What is the 25x Rule for Early Retirement?
By: Kara Perez
Updated: November 3, 2019
If you’re considering an early retirement — or if you just want to be extra prepared for your golden years — you need a plan to get you and your money to a place where it can support you without a full-time job.
There’s something called the “25x rule” that comes up often when talking about big-picture retirement planning. It’s especially popular among those in the FIRE community. These are the folks who plan to leave work way earlier than 65 years old.
Can the 25x rule help you figure out how much money you’ll need to retire early?
What Is FIRE?
FIRE stands for financial independence, retire early and is defined as both a lifestyle and a financial goal. The idea is to shorten the number of years you need to spend working by living drastically under your means. FIRE adherents try to build enough in savings, investments and possibly passive income that they can become financially independent of work.
To put it another way, with FIRE, you build enough in financial reserves that you no longer need to trade time for money.
For many reasons, there has been a small explosion of people interested in this path over the last few years. Some people come to the FIRE lifestyle because they’re burned out at work. Others want to be able to spend more time with their children or aging parents, rather than at a desk.
Regardless of what brings you to FIRE, you first need to come up your FIRE number. What is the amount of money you need in savings and investments to leave full-time work?
What Is the 25x Rule?
Here’s where the 25x rule enters the equation. Broadly put, the rule of thumb for retirement planning of any type (but especially FIRE) is to save 25 times your expected annual retirement expenditures.
If you plan to spend $30,000 annually in retirement, you’d need $750,000 in your portfolio. If you plan to spend $50,000 annually, you’d need $1.25 million.
There are a few very important details to the 25x rule:
Does the 25x Rule Work?
You should consider the 25x rule as a goal-setting tool, rather than a precise prediction. Since it’s not very specific, it can give you a starting retirement number to work toward.
The 25x rule can help you refine your retirement plans. But you probably shouldn’t hang your entire retirement on this formula alone.
What to Consider in Your Retirement Planning
Start by thinking big picture and then circle in on more of the details.
Big-picture questions you can ask yourself might be:
Will I live in the same area and home I’m in now, or will I move in retirement?
Do I plan on having children?
What will my healthcare plan cost? How much will I need in order to pay costs not covered by it?
Will I travel in retirement or spend more time at home?
These questions will start you on the road toward forming a retirement plan and coming up with an idea of what your spending will be.
Right now, your life may not be a good reflection of what it will be like in 60 years.

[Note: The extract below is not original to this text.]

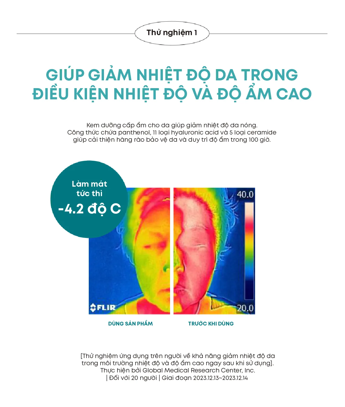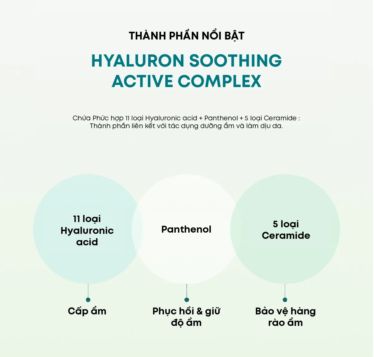 Phức hợp 11 loại axit hyaluronic phức hợp + Panthenol + 5 loại ceramide đem lại hiệu quả cấp ẩm mạnh mẽ, làm dịu da tức thì

If you have a house right now, you’re probably making mortgage payments. If you pay off the mortgage before you retire, that would probably lower your spending numbers significantly. And that means your 25x number can be lower as well.

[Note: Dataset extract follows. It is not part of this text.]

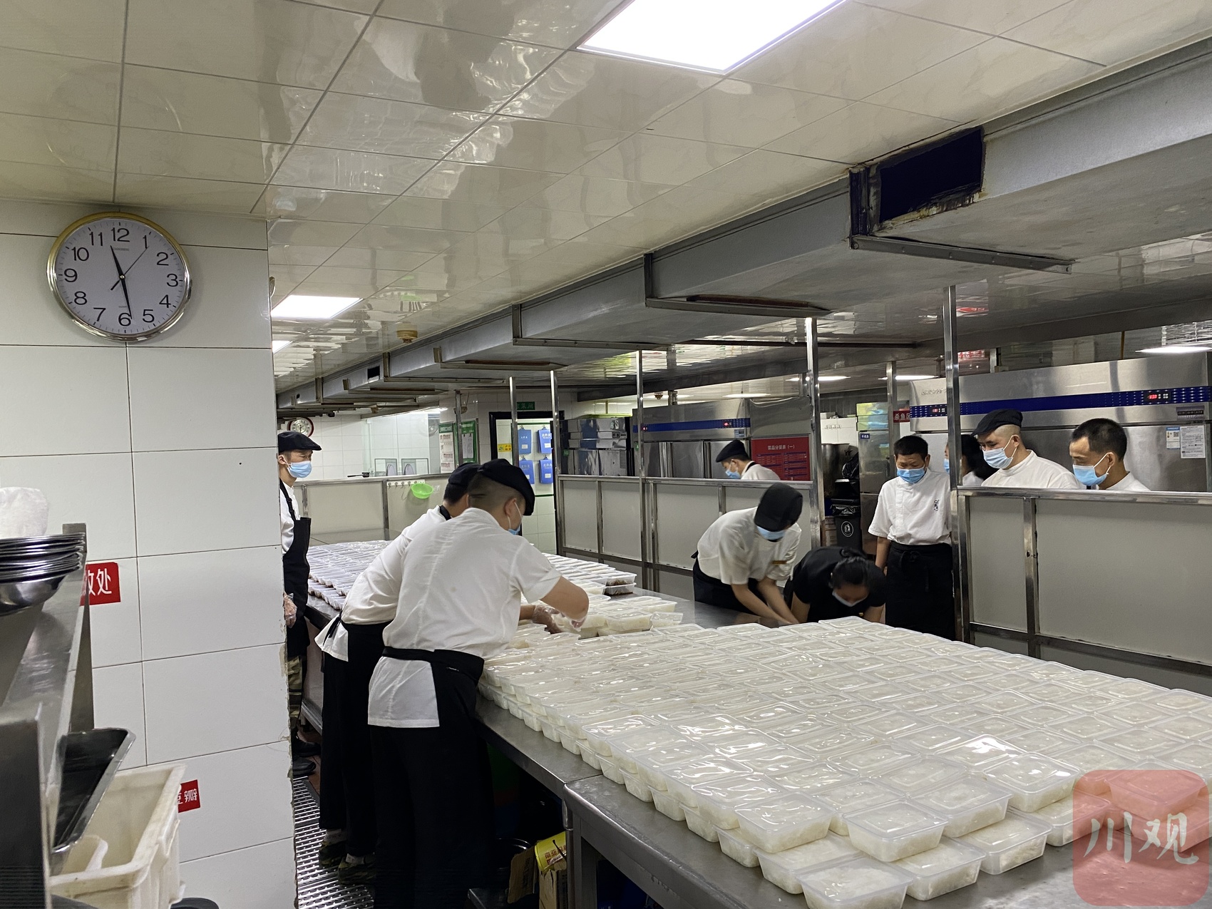 “还有3分钟11点,准备装饭!”桌子这头,现场员工再次认真擦拭,有人准备一次性饭盒,有人把新鲜出炉的腌菜炒肉端上桌,有人拉来运输箱。记者注意到,为了让盒饭肉菜均匀,宋艳华和同事一边打包,一边用勺子不停在盛菜的盆里翻动,他告诉记者,每份盒饭,菜量保证在5两左右,“一线抗疫辛苦,这样大家才能吃得饱、吃得好。”

Add up what you expect to spend each year in retirement. Then multiply that number by 25 to get your specific 25x number.
Now that you have your 25x number, you can work backward from there and decide which retirement investing accounts you’ll need to fund and by how much. Remember to include any additional income that you expect in retirement, such as Social Security and pensions.
Here is a big retirement consideration for anyone in the United States: healthcare costs. Healthcare costs in retirement are very hard to predict. As such, they can throw a huge wrench into your retirement planning.
While it may not be exciting, the more research you can do into your state’s healthcare policies, as well as federal policies, the better off you’ll likely be. Finding out if you’ll qualify for any subsidies or if you’ll be able to participate in specific plans can save you, big time.
Another good tactic is to take your estimated healthcare costs and double them. As we age, our bodies tend to require more care. Add in inflation, as well as rising healthcare costs, and it’s a good bet that health care in the future will cost more than it does now. So, to get the most accurate idea of your spending as possible, pad your healthcare numbers before you implement the 25x rule.
The Final Word
Start preparing for your golden years now. The 25x rule helps you know what to aim for. The sooner you get started, the better. Even just a few dollars a week if that’s all you can afford now.